We have seen this before, and it was a trick played on men by men with
the sultry curves of the sports car. His mental space is invaded by
the lines of the Jaguar XKE, the long curves urging him forward, even
the shifter an elegant stem. The body is aerodynamic, of course, but
more; it's eros-dynamic, and with a woman at the wheel has all the straight-male
appeal of girl-on-girl porn. By the '90s the Boomer women became powerful
and professional, established and in control. With their ice-boxes filled
with frozen phallus, they climbed up on their square-shouldered SUVs,
a simulation of the safety to command such a rugged and capable thing.
But, like a bad boyfriend, they had a tendency to flip on them, and
now they're back to their smaller, more sensible Camrys and Accords.
These are patterns both encouraged by and in violation of our foundational
Puritanism. We seek liberation and even act on it, always to be slammed
back into the dark interior by collective guilt played out in individual
selves. As a nation, we are simultaneously the site of the most robust
experiment in human liberation and the Holy Land; we occupy both Las
Vegas and the Shining City on a Hill.
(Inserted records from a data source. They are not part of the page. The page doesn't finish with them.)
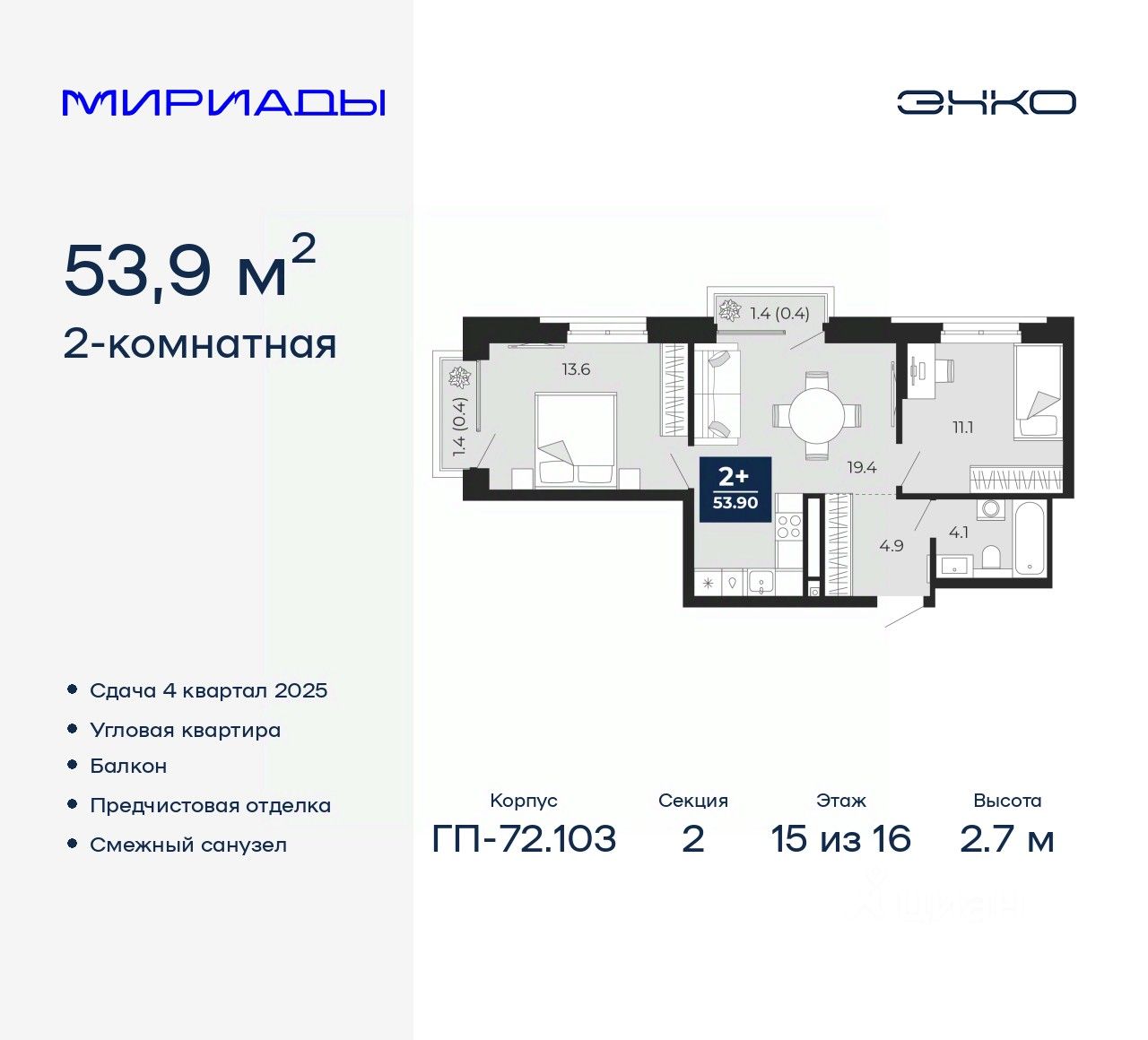 Двухкомнатная квартира от застройщика с предчистовой отделкой в ЖК "Мириады" на 15 этаже. Общая площадь: 53.9 кв.м., жилая: 24.7 кв.м., площадь просторной кухни-столовой: 19.4 кв.м. Квартира угловая, окна oбecпeчивaют paвнoмepнoe ocвeщeниe в тeчeниe дня. В квартире два балкона, один совмещенный санузел. Высота потолков 2.7 м.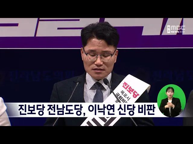 (반면) 진보당 전남도당은 전남도의회 브리핑룸에서 이낙연 신당 특별 기자회견을 열고 이낙연 전 대표의 새로운 미래는 국민의힘의 미래"라고 비판했습니다.진보당은 "이낙연 전 대표는 양당정치의 가장 큰 수혜를 누리다가 당내 권력투쟁에서 밀려나자 기득권 양당정치 타파를 이유로 느닷없이 깃발을 바꿔 든 것에 불과...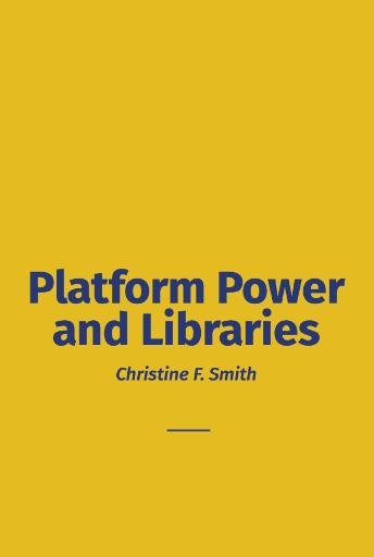 -Editor and chapter author of the refereed monograph Platform Power and Libraries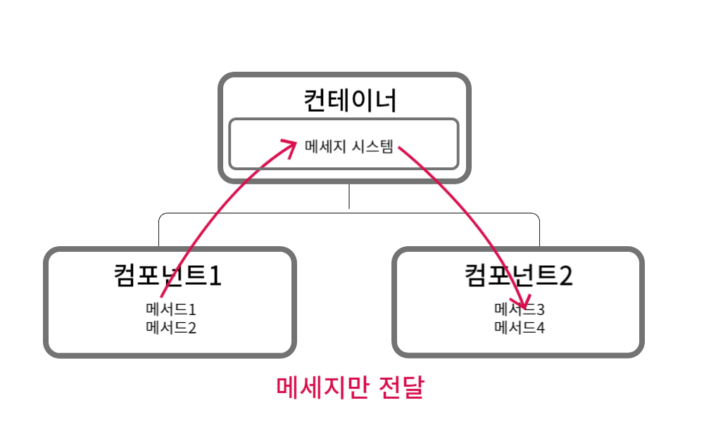 컴포넌트들은 메세지 값과 커플링될 뿐이지 컴포넌트끼리는 디커플링 상태를 유지하는 것이다.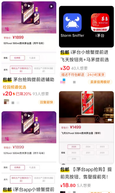 在某二手交易平台上,有人高价倒卖贵州茅台酒,还有人出售相关“教程”,教消费者利用“外挂”工具抢购。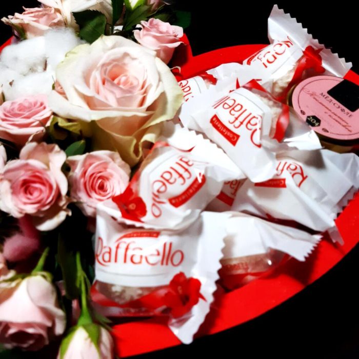 Красное сердце с нежной композицией из цветов с рафаэлло и мёдом -прекрасный подарок для девушек и женщин.Рафаэлло безусловно одна из самых желанных конфет на все времена.А свежие цветы для девушек и женщин -это всегда, радость и счастье.Побалуйте своих близких. ❤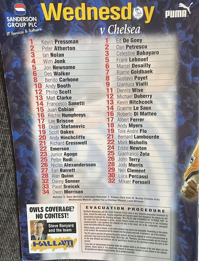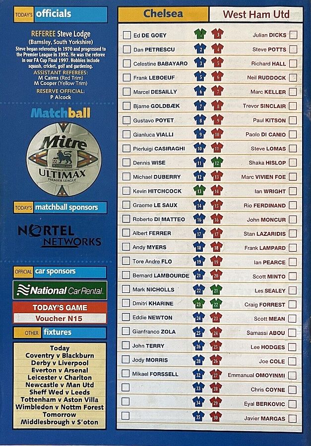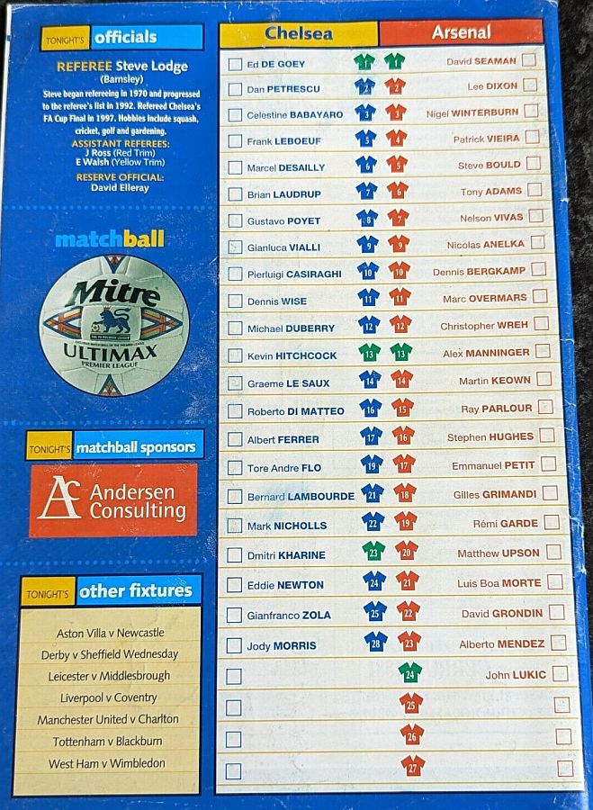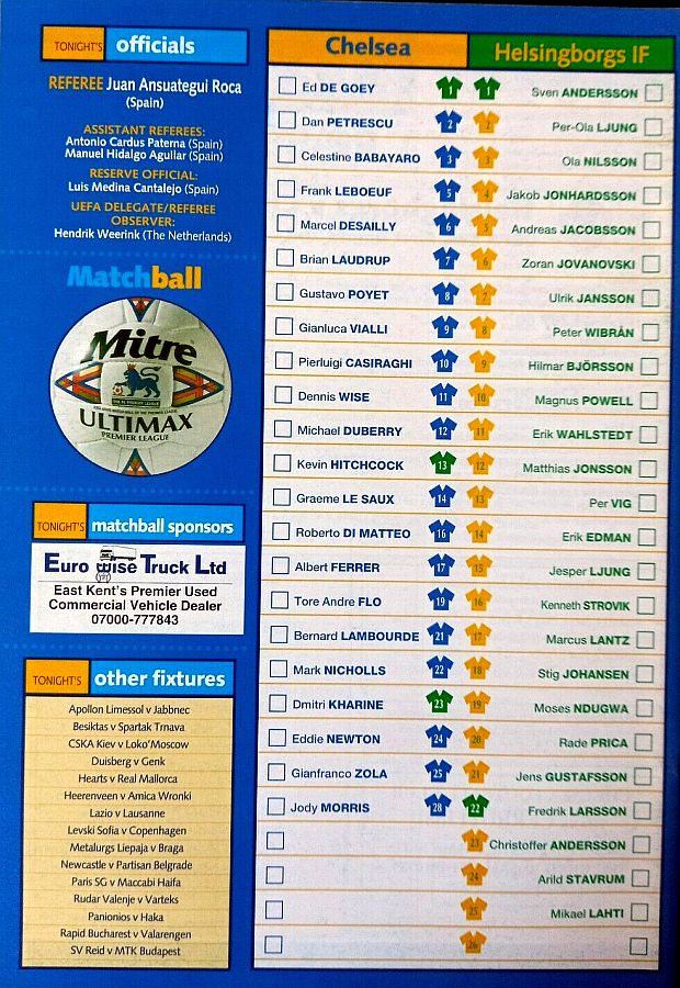1 Eduard De Goey, 2 Dan Petrescu ( 7 Bjarne Goldbaek 60), 5 Frank Leboeuf (21 Bernard Lambourde 71), 6 Marcel Desailly, 8 Gus Poyet, 11 Dennis Wise, 14 Graeme Le Saux, 17 Albert Ferrer, 25 Gianfranco Zola, 28 Jody Morris ( 3 Celestine Babayaro 82), 32 Mikael Forssell |
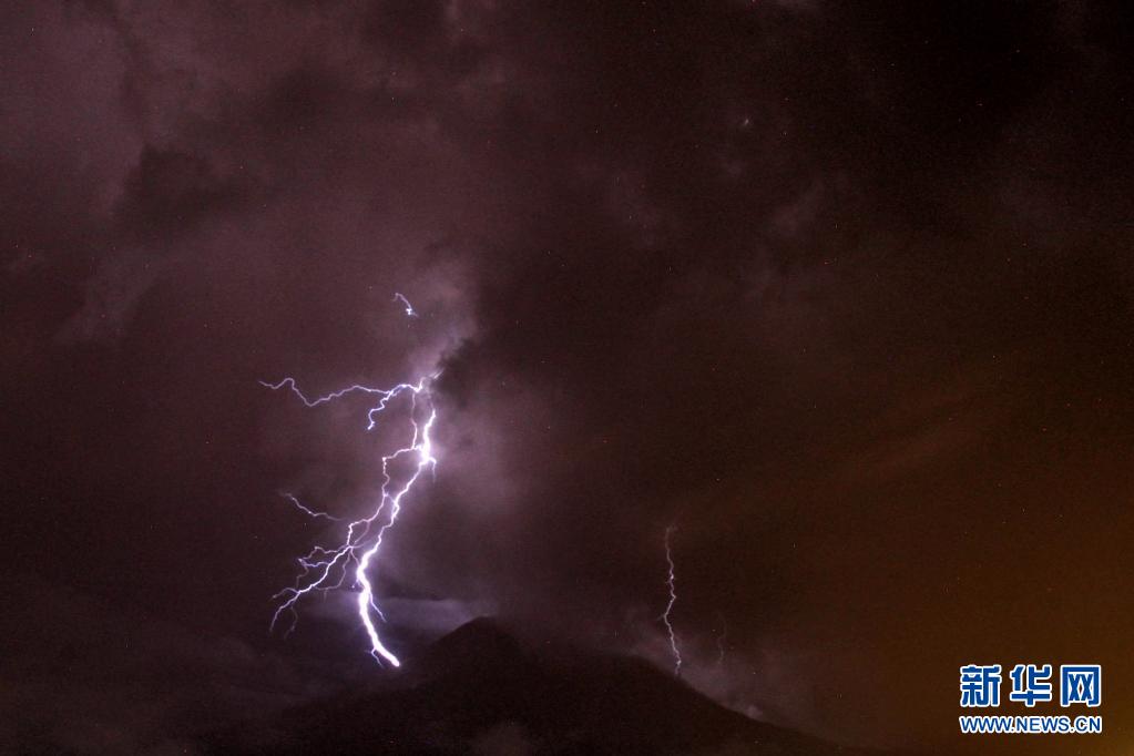 這是5月13日在印度尼西亞北蘇門答臘省拍攝的錫納朋火山上空的閃電(長時間曝光照片)。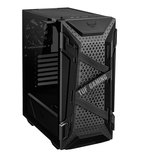 מארז קומפקטי של ASUS TUF Gaming GT301 ATX באמצע המגדל עם פאנל צדדי מזכוכית מחוסמת, פאנל קדמי של חלת דבש, מאוורר RGB 120 מ"מ AURA הניתן להתייחסות, מתלה לאוזניות ותמיכת רדיאטור 360 מ"מ.
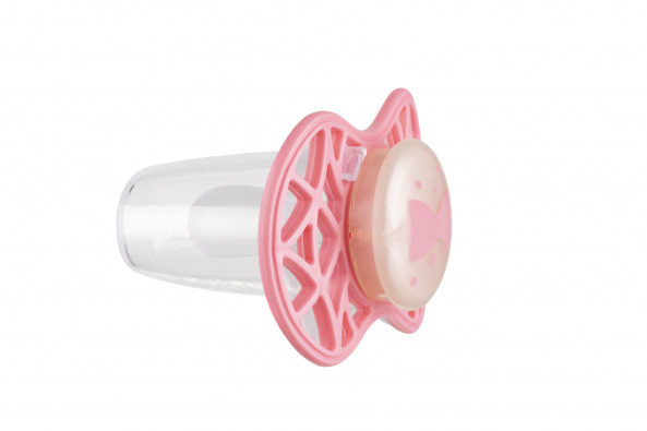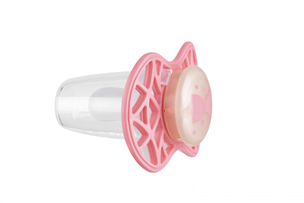 Характеристики товара Пустышка симметрическая Nuvita NV7085 Air55 Cool 6m+ "бант" светящаяся в темноте цвет розовый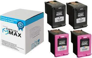 SuppliesMAX Remanufactured Replacement for HP DeskJet D2500/D2600/D5560/F4200/F4400/F4580/ENVY 100/110/120/PhotoSmart C4600/C4700/D110a Inkjet Combo Pack (2-Black/2-Color) (NO. 60XL) (CD948BN_2PK)
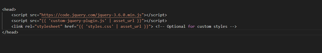 - Place the plugin in your Shopify theme’s assets directory, such as in assets/custom-jquery-plugin.js.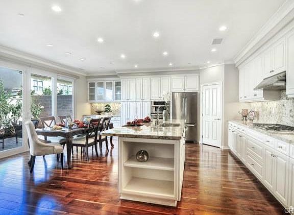 2 Years New! Stunning 4 Bedroom, 3 Bath Highly Upgraded home with a desirable Main Floor Bedroom and Open Floor Plan. Gorgeous Hardwood Floors greet you as you enter via the Foyer. The Open Floor Plan spreads before you revealing a Light and Bright Great room consisting of the Chefs Delight Kitchen boasting Stainless Appliances, Granite counters and Back Splash, a Walk in Pantry Huge Center Island with Seating, Glass Door Cabinets and loads of counter space, overlooking the Family Room with Romantic Fireplace, and built in Media Center, and the Dining Room with direct access to the Spacious Back Yard with Pergola. The Spacious Main Floor Bedroom is currently used as an office. The Garage features Epoxy Flooring for Easy Cleanup and Built in Storage Cabinets and a S/S refrigerator. The Master Suite Boasts Coffer Ceilings, Built in Closets, a Master Bath with Marble Floors and Tub Surround, Relaxing Soaking Tub, Dual Vanities and Cesar Stone counters. All 3 secondary bedrooms feature built ins in the closet.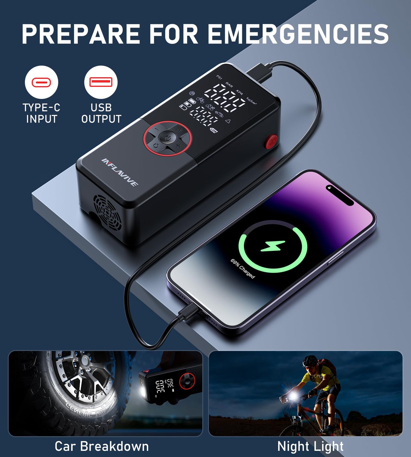 Experience unmatched convenience on your journeys with our portable tire inflator. This cordless air compressor features a powerful rechargeable battery, allowing you to inflate your car tires without the worry of running out of power. For emergencies on the road, the included 12V DC power cord ensures you always have a backup option. With a maximum pressure of 150 PSI and an impressive airflow rate of 35 L/min, this air pump can quickly inflate your car tires (30-36 PSI) in just one minute! Whether you need to pump up car, bike, or motorcycle tires, or even sports balls, this electric tire inflator makes lifes daily challenges easier and your travel adventures more enjoyable. Equipped with a high-precision chip, our air pump for car tires provides real-time pressure monitoring for accurate readings. Once the preset pressure is reached, the bike pump automatically shuts off, protecting your tires from over-inflation. This isnt just any air compressor; it also comes with built-in LED lighting, featuring SOS, normal, and flashing modes for low-light situations and emergencies. Additionally, it doubles as a portable power bank, enabling you to charge your devices anytime, anywhere. Its compact size makes it easy to carry and store, ensuring you can always have it with you during road trips, camping adventures, or everyday commutes. Our air pump for inflatables with five inflation modes tailored for cars, motorcycles, bicycles, balls, and a customizable option, you can easily select the right setting for any task. Plus, choose from four pressure units (PSI, Bar, kPa, kg/cm) to suit your needs. Dont be caught unprepared. The portable tire inflator is the perfect companion for all your travels, ensuring safety and convenience wherever the road takes you. Get yours today and enjoy peace of mind on every adventure!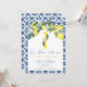 This elegant watercolor first birthday invitation has a blue and white tile frame with a white arch and lemon floral accents. It is modern, whimsical and dainty, making it the perfect invitation to celebrate.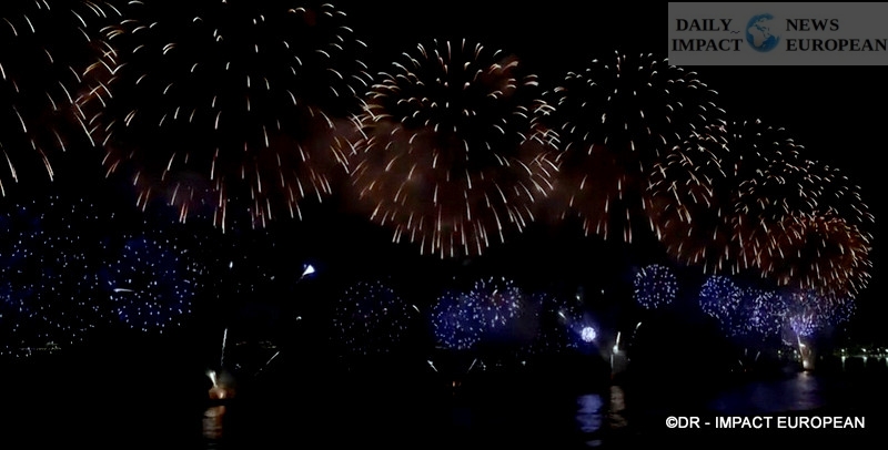 Fireworks are set off 300 m from the beach, from platforms at sea, boats and barges anchored in the port, while illuminated cruise ships enter to spend a night of celebration. Broadcast by giant screens on the beach, the show lasts 15 to 20 minutes.
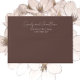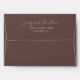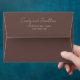 Taupe coloured mailing envelope for your wedding invitations and features your name and address printed on back flap in a modern script style. Personalise your envelope by editing and replacing name and address with your own. Edit further to change font style or colour. Select your envelope size that fits your invitation.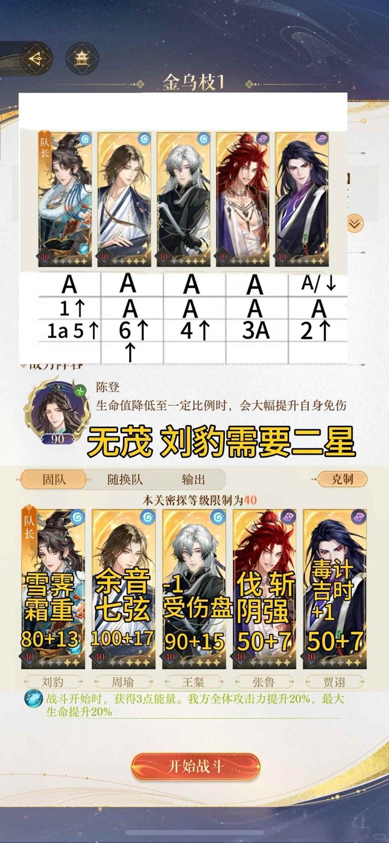 ps:星石和攻击要求不是死的,攻击高星石就可以差一点,星石好攻击就可以低一点,周瑜不能放三号位,攻击存在一定顺序,第一轮A或者下拉都可以,看密探血量决定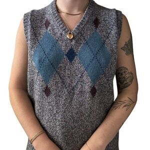 Vintage 1970s Mcgregor Wool Blend Dark Academia Equestrian Argyle Sweater Vest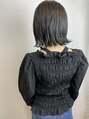 黒髪からのオリーブカラー。くすみ感もある柔らかい質感です。カットは伸ばしかけの前上がりボブにカットしています。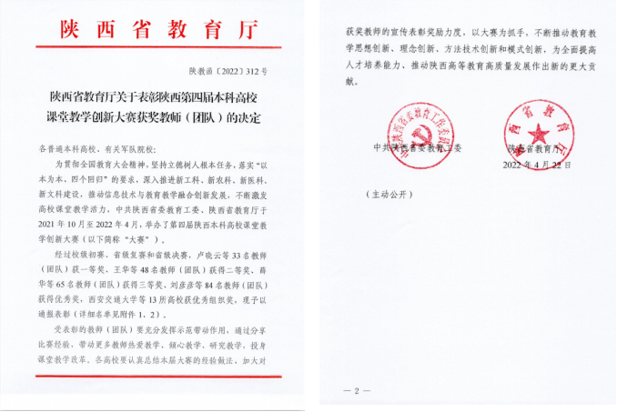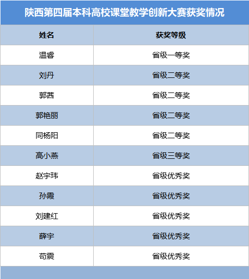 近日,陕西省教育厅公布了第四届陕西高校课堂教学创新大赛获奖教师名单,金沙2004路线js5教师温睿获省级一等奖,刘丹、郭茜、郭艳丽、同杨阳4位教师获省级二等奖,高小燕获省级三等奖,赵宇玮、孙霞、刘建红、薛宇、苟震5位教师获省级优秀奖,金沙2004路线js5获优秀组织奖。吴丰华、于春2位教师代表陕西省参加全国高校教师教学创新大赛。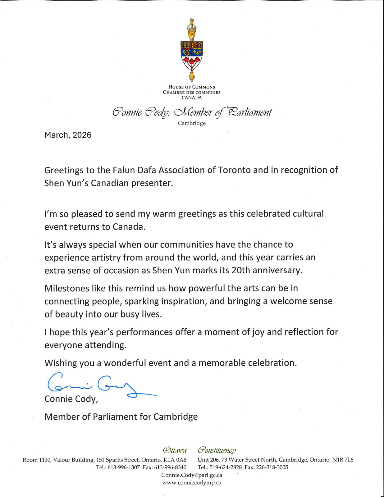 Член парламента Конни Коди отметила, что такие знаковые события, как 20-летие со дня основания компании Shen Yun Performing Arts, «напоминают нам о том, насколько сильным может быть искусство в объединении людей, пробуждении вдохновения и привнесении столь желанного ощущения красоты в нашу напряжённую жизнь».

To pursue happiness as a Yank
has therefore always been both a liberation and a trap, a physical movement
into freedom and a mental movement deeper into the conscience. She can
have her dough, but it will make her heavy both in body and soul.
The man had long been a step more free, his double standard to stray
on Saturday night and repent on Sunday morning a way to manage his role
in the American contradiction. But now, he too is a body, both dandy
and butch, a commodity packed, frozen, and plastic-wrapped—candy—and
a man of pottered flesh and sluggish blood, just as he always has been.
Still, the feeling for the femme, of peeling away that layer, of having
that stuff so available from the tube, is a feeling unaccountably dear.
The male model, posed a quarter turn from view, is frozen in time, exposed
to the gaze, but still reachable. He is firm, semi-turgid, beneath just
the thinnest of layers—almost bare but there for the taking. Is
he a bit too perfect, a bit too much to compare to the poor men we knead
with our daily bread? Perhaps, but that's what we get when we consume:
the dream of ourselves too sweet.
Work Cited
Bordo, Susan. The Male Body. New York: Farrar, 2000.